The 6th “Golden Central” List Revealed: Global X ETFs Hong Kong Wins Two Major Awards, 3416 Awarded Most Innovative ETF
Hong Kong (SAR) – On the afternoon of December 13, 2024, the 6th “2024 Golden Central Forum and Financial Institutions Award Ceremony” was successfully held in Central, Hong Kong. The organizing committee announced the 6th “Golden Central” financial institutions list at the forum, where Global X ETFs Hong Kong stood out with its exceptional financial product services and strong fund management team, winning the awards for “Most Innovative China-Themed ETF Issuer” and “Most Innovative ETF.”
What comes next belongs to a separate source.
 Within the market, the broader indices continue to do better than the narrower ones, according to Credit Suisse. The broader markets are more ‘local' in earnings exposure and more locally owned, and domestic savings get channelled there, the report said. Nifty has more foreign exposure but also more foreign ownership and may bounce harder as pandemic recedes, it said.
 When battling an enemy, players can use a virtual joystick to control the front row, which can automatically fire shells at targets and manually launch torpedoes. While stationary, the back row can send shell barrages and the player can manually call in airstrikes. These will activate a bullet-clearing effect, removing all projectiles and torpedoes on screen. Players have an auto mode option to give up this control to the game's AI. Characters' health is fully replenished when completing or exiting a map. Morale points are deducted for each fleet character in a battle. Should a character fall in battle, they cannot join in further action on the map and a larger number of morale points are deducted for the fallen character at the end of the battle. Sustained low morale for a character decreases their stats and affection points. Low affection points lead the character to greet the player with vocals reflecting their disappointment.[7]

The Golden Central Forum has been held six times and has become an authoritative event with a profound impact in the financial sector. This year’s forum was co-hosted by Zhitong Finance, Jiuqi Finance, and the Hong Kong Securities Association. We are also honored to be one of the co-organizers, supporting this event alongside CCB International. Additionally, the forum received strategic cooperation from several authoritative organizations, including the Hong Kong China Financial Association and the China Chief Economists Forum.
The awards received by Global X ETFs Hong Kong signify the high recognition from the capital markets and industry for its fund management strategies, product diversification, and market trend insights. They also showcase its leading position and continuous innovation capability in the fields of China-themed ETFs and innovative ETFs.
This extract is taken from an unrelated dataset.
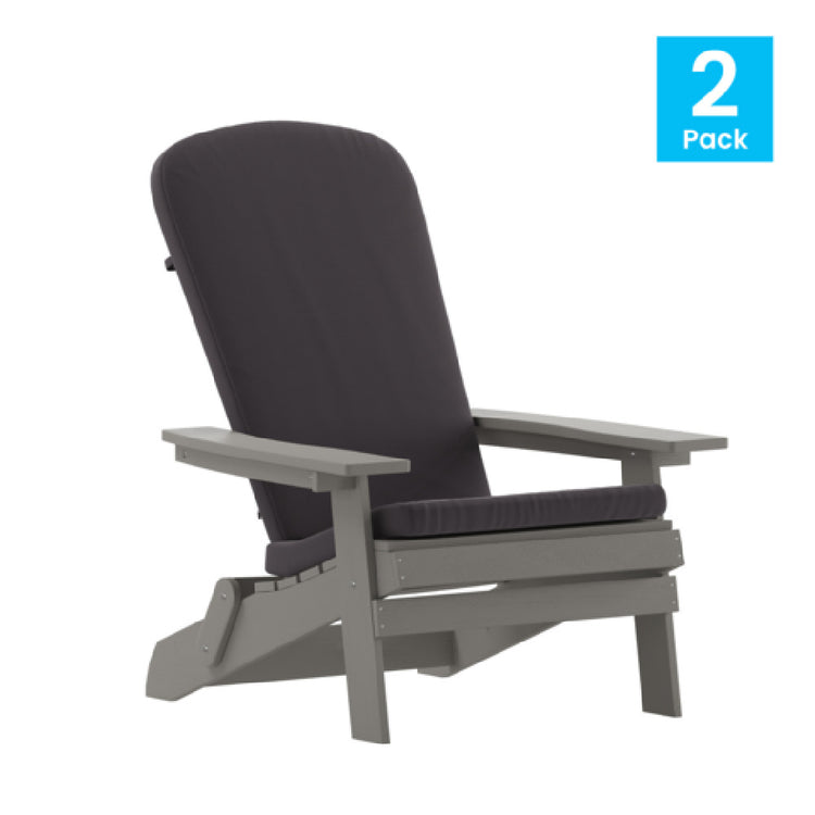 The Flash Furniture 2-JJ-C14505-CSNGY-GY-GG Charlestown Folding Adirondack Chair is designed to blend style and functionality, making it suitable for both indoor and outdoor use. Crafted from all-weather poly resin wood, this chair offers durability and resilience against the elements, ensuring longevity and minimal maintenance. The chair's folding feature allows for convenient storage and transport, catering to spaces where flexibility is crucial. Available in a sophisticated gray tone, it includes complementary gray cushions that enhance comfort, making it an ideal choice for relaxation in any setting. This set comprises two chairs, providing a cohesive look for patios, gardens, or indoor spaces. The use of poly resin wood not only contributes to the chair's robust build but also maintains a classic wooden appearance without the susceptibility to traditional wood's wear and tear. This product serves various market segments, from residential homeowners seeking stylish outdoor furniture to commercial establishments like cafes or resorts looking for durable seating options. The combination of aesthetic appeal, practical features, and enduring materials positions the Flash Furniture Charlestown Folding Adirondack Chair as a versatile and valuable addition to any environment, promising a blend of comfort, convenience, and style.
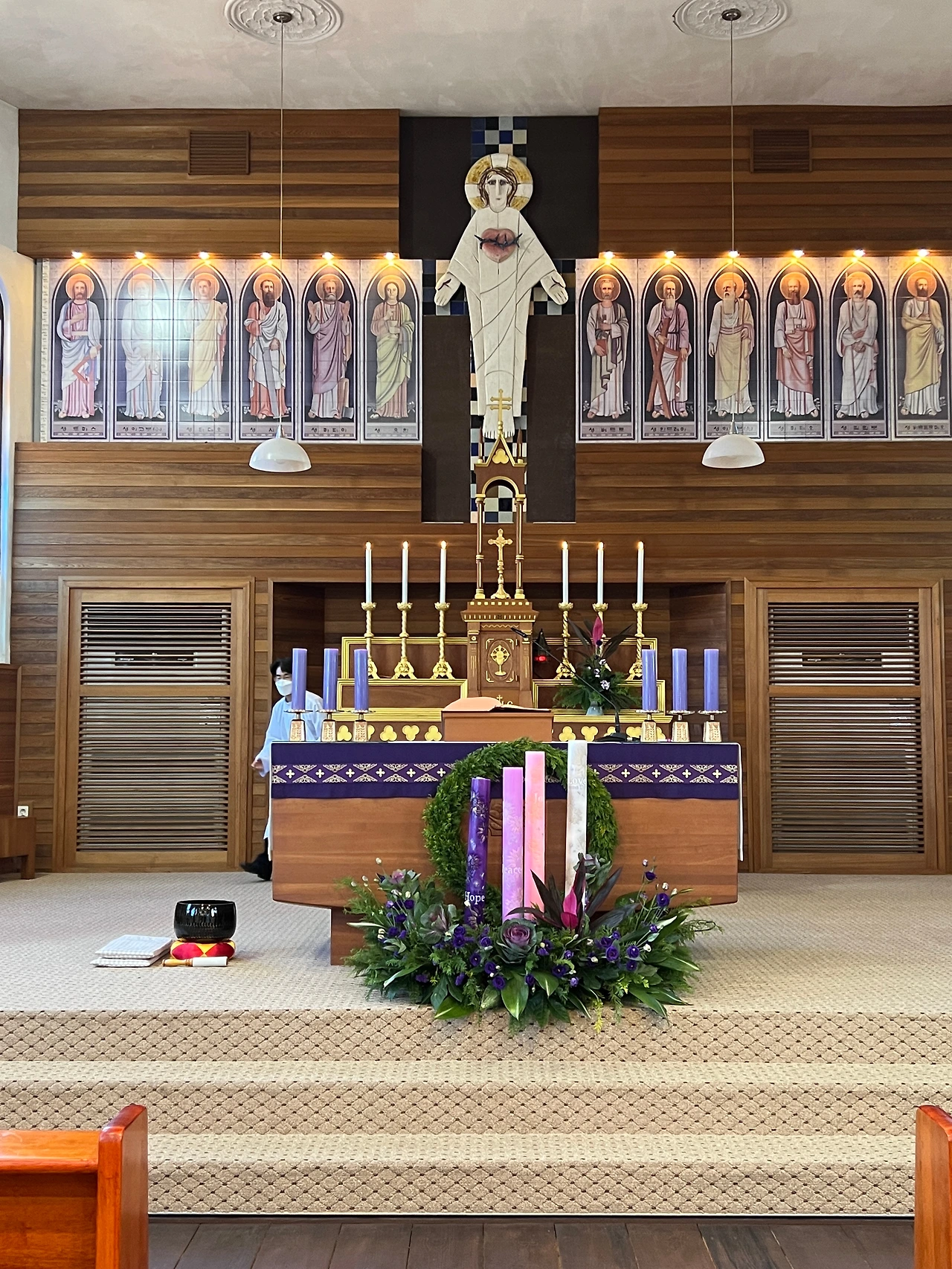 성당의 제대 뒤쪽에는 예수님을 중앙으로 12사도들이 한분씩 세로로 길게 전신상으로 장식되어있습니다. 이 또한 성당에서는 흔하게 볼 수 없는 특이한 모습이었습니다. 제대는 2009년 12월 27일 성당 내에 제2차 바티칸 공의회 이전의 옛 제대를 복원하여 축복식을 가졌다고합니다. 새 제대는 벽을 향해 미사를 봉헌하던 당시 제대를 본래대로 복구한 것으로 현재 감실 제대로 사용하고 있습니다. 회중석은 이랑식으로 장방형으로 제대를 향해 길죽하게 놓여 있습니다.

In the advanced technology sector, Global X ETFs is actively investing in electric vehicles, batteries, semiconductors, cloud computing, robotics, and artificial intelligence, helping investors seize opportunities from technological innovations. The company is also focused on investment opportunities arising from changes in China’s demographics, actively investing in the consumer, healthcare, and biotechnology sectors. Furthermore, Global X ETFs is committed to clean energy investments, responding to global sustainable development trends, and focusing on “little giant” companies in China and leaders in overseas expansion stories to uncover growth potential in emerging fields.
In terms of innovative ETFs, leveraging successful experiences from overseas markets and a strong team of fund managers, Global X ETFs has successfully launched the first two covered call strategy ETFs in the Hong Kong market: the Global X HSCEI Components Covered Call Active ETF (3416) and the Global X HIS Components Covered Call Active ETF (3419), providing investors with protection during market volatility or downturns and achieving relatively stable returns.
Looking ahead, Global X ETFs will continue to deepen the development of China-themed ETFs, providing high-quality investment options and promoting sustainable growth. At the same time, Global X ETFs will continue to explore innovative ETFs, offering diversified investment tools to investors at lower fees.